As we allow arbitrary flow velocity we can simulate the flow of particles in phase-space by initializing the advection velocity as the phase-space velocity of Vlasov equation. If we denote the domain by \((x,v)\) we set \(u_x = v\) and \(u_v = -\partial \phi / \partial x\), where \(\phi(x)\) is the electrostatic poential. For this test we set \(\phi(x) = \cos(x)\) and evolve a thermal distribution on a domain \([0, 2\pi]\times [-6, 6]\) on a \(64\times 64\) grid, with the thermal velocity set to \(1.0\). We use an upwind scheme with diffusion set to zero. The simulation is implemented in “cs-vlasov-cos-pot.c” file.

../../_images/cs-vlasov-cos-pot-u3.png

Charged particles advecting in a cos potential \(\phi(x) = \cos(x)\). Shown is the phase-space evolution of the distribution function \(f(x,v,t)\) at various times. Seen are the particles trapped in the potential well, with a passing particle population that are too energetic to be trapped.

Conclusions

We have shown how a simple advection-diffusion solver that allows setting arbitrary advection velocities can be used for many interesting problems, including advecting charged particles in a given electrostatic field. As advection-diffusion equations form the basis for a large class of kinetic equations that arise in plasma physics and other fields, extensions of these finite-difference schemes can be used to solve much more complex systems.

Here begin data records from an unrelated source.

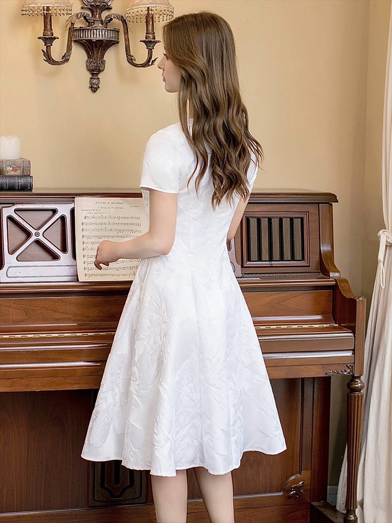 [ERUKEI/GINZA COUTURE]ピンク・レッド・ホワイト・半袖・シンプル・Aライン・花・ミディアムドレス・ワンピース[送料無料] [lk-c2741]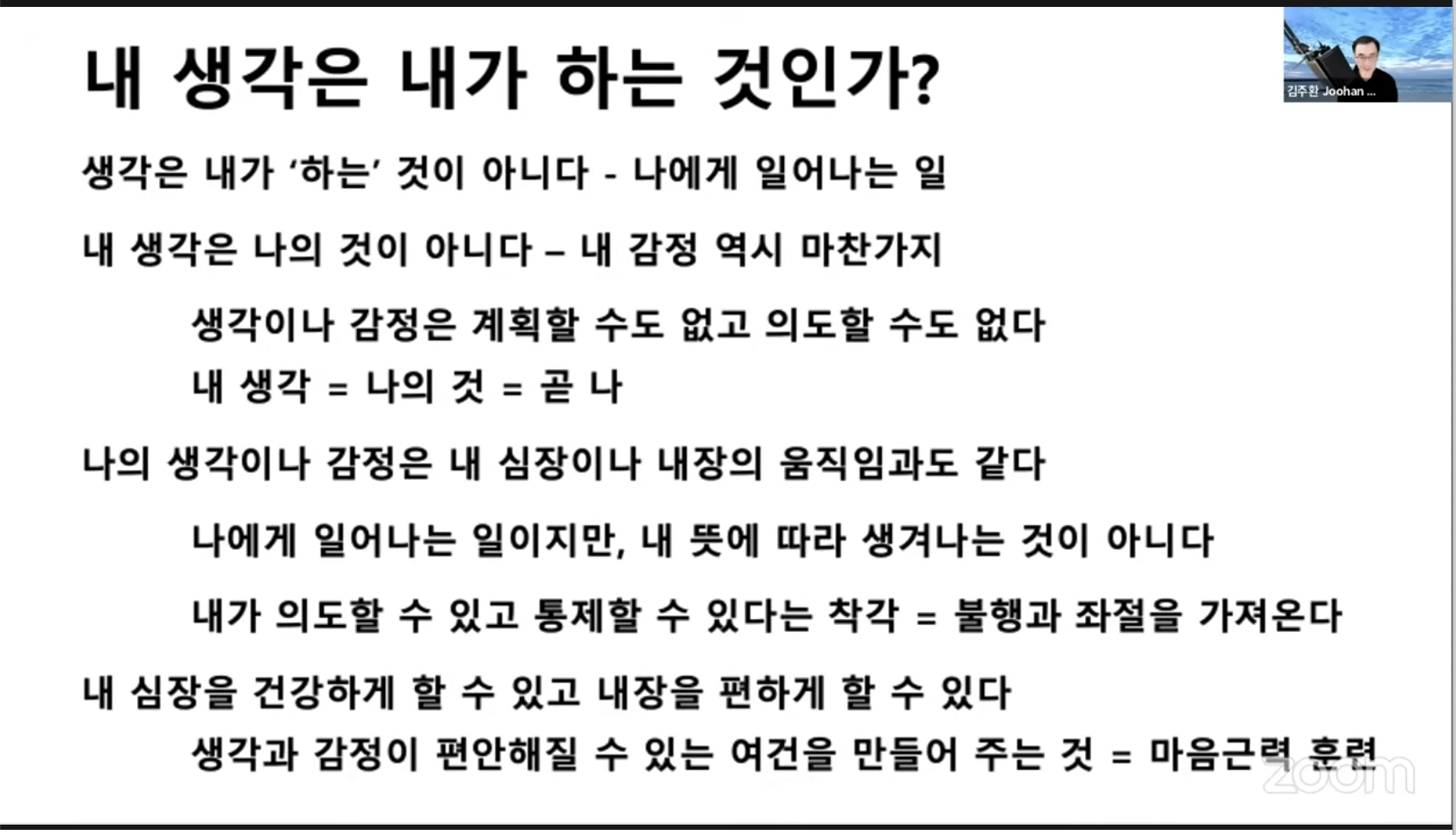 - 내 생각은 내 것이 아니고, 내 감정도 내 것이 아니다.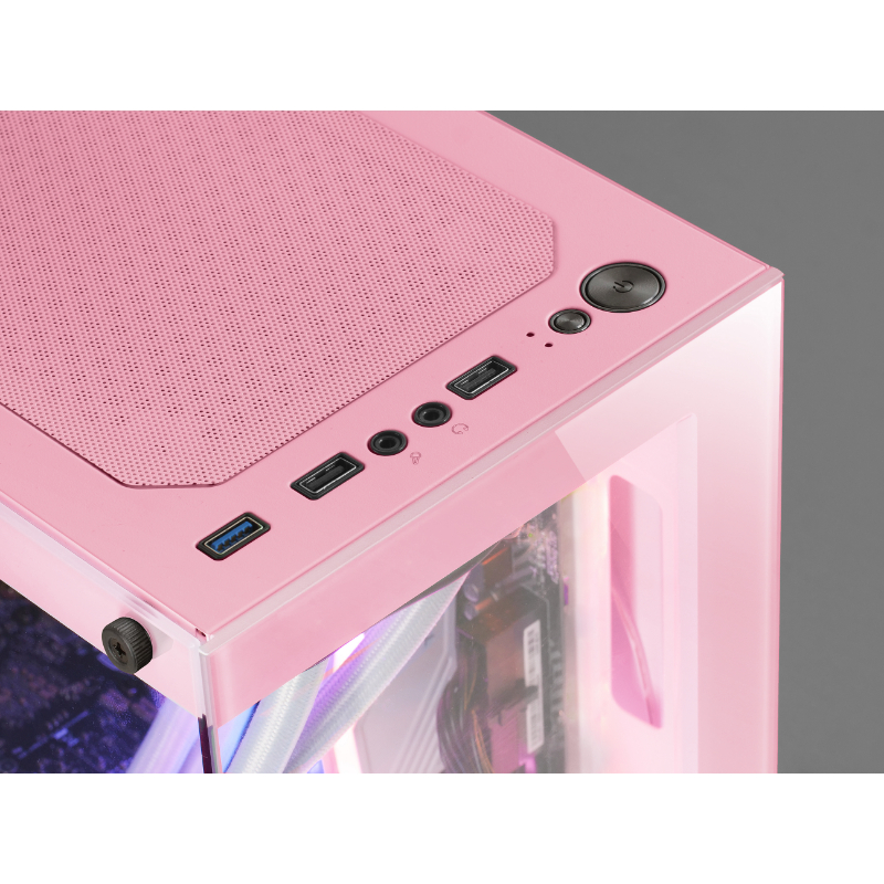 Bahias: Internas: 2 x 3'5, 3 x 2'5 Color del Producto: Rosa Conectores: USB 2.0 x 1, USB 3.0 x 2, Audio In/Out F.A.: No Formato: Micro ATX Formato F.A.: ATX Medidas: 423 x 200 x 326mm Potencia F.A.: Sin fuente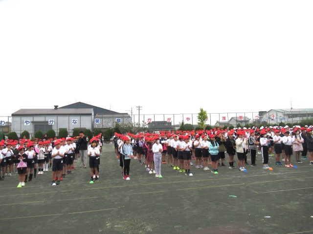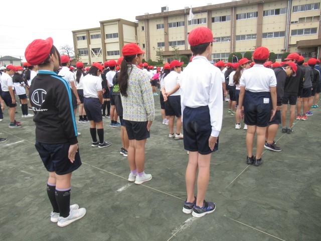 1時間目は、運動会の開閉会式の練習をしました。指先までピンと伸ばした「気をつけ」から、やる気が伝わってきます。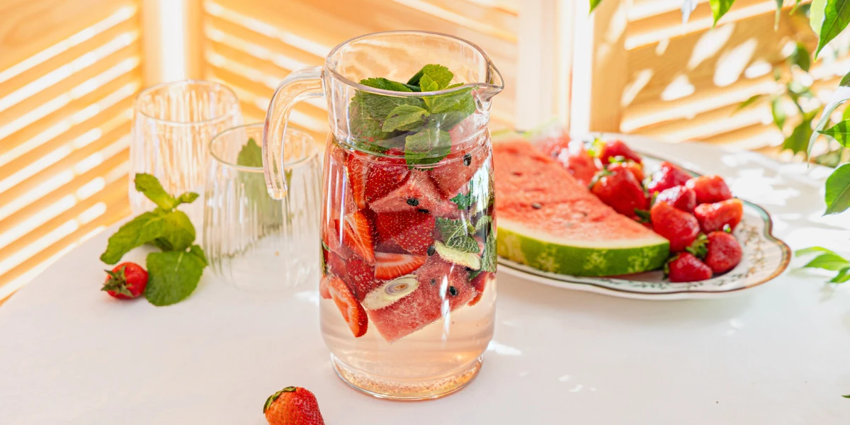 Лимонад с арбузом и клубникой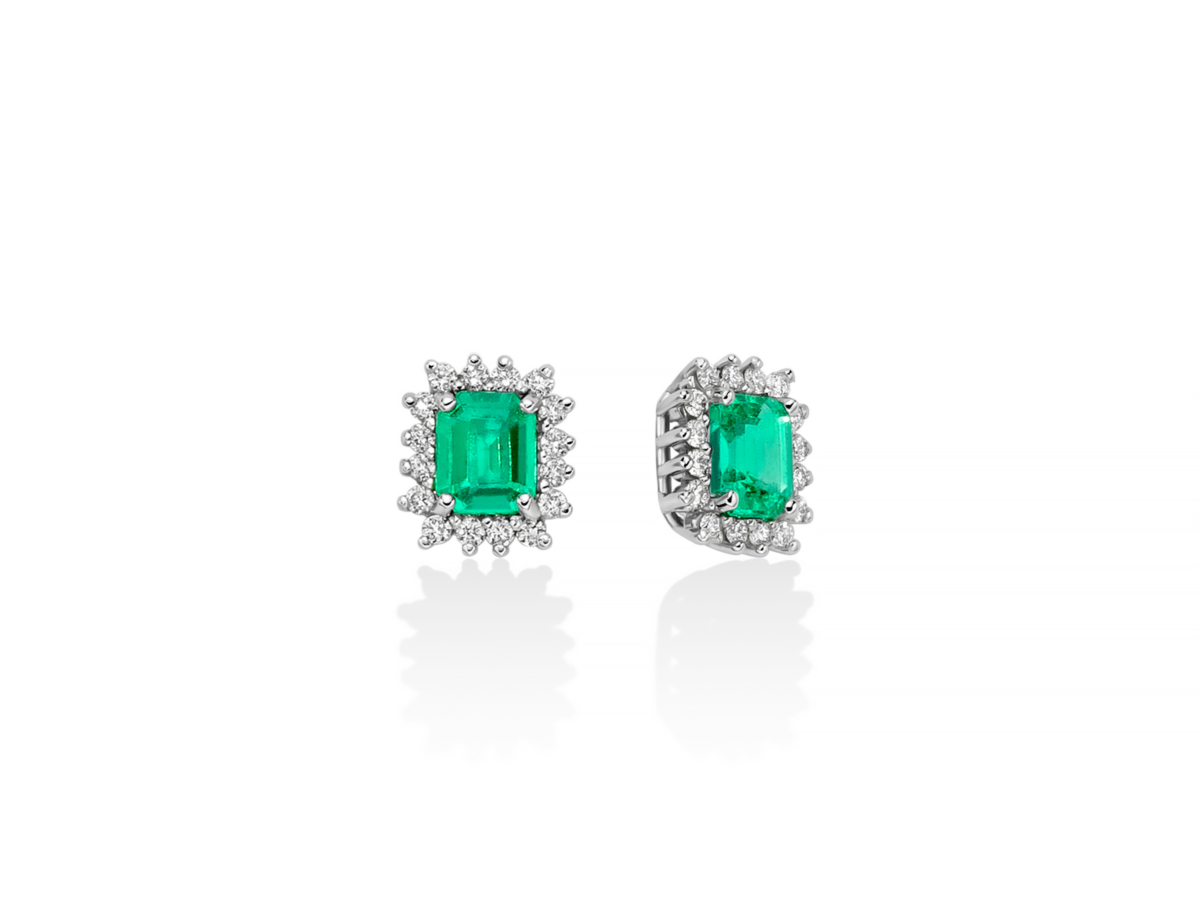 Orecchini donna miluna, ERD2707, collezione gemme preziose Oro 750/1000 Nr 32 Diamanti naturali Pt.tot 23, 04 Col.G Pur.SI Taglio Brillante Rotondo Nr 2 Smeraldi naturali Ottagonale mm 5x4 Ct 0, 8

In general, however, we should mention that the disconinous-Galerkin schemes are far superior to the finite-difference algorithms presented in this note. DG schemes have natural sub-cell resolution that allows greater control on the scheme, and can give higher quality results on a relatively coarse mesh. Further, DG schemes are ideal for GPUs as the are FLOP-heavy, requiring only data in three cells, instead of a wide stencil as in high-order finite-difference methods presented above.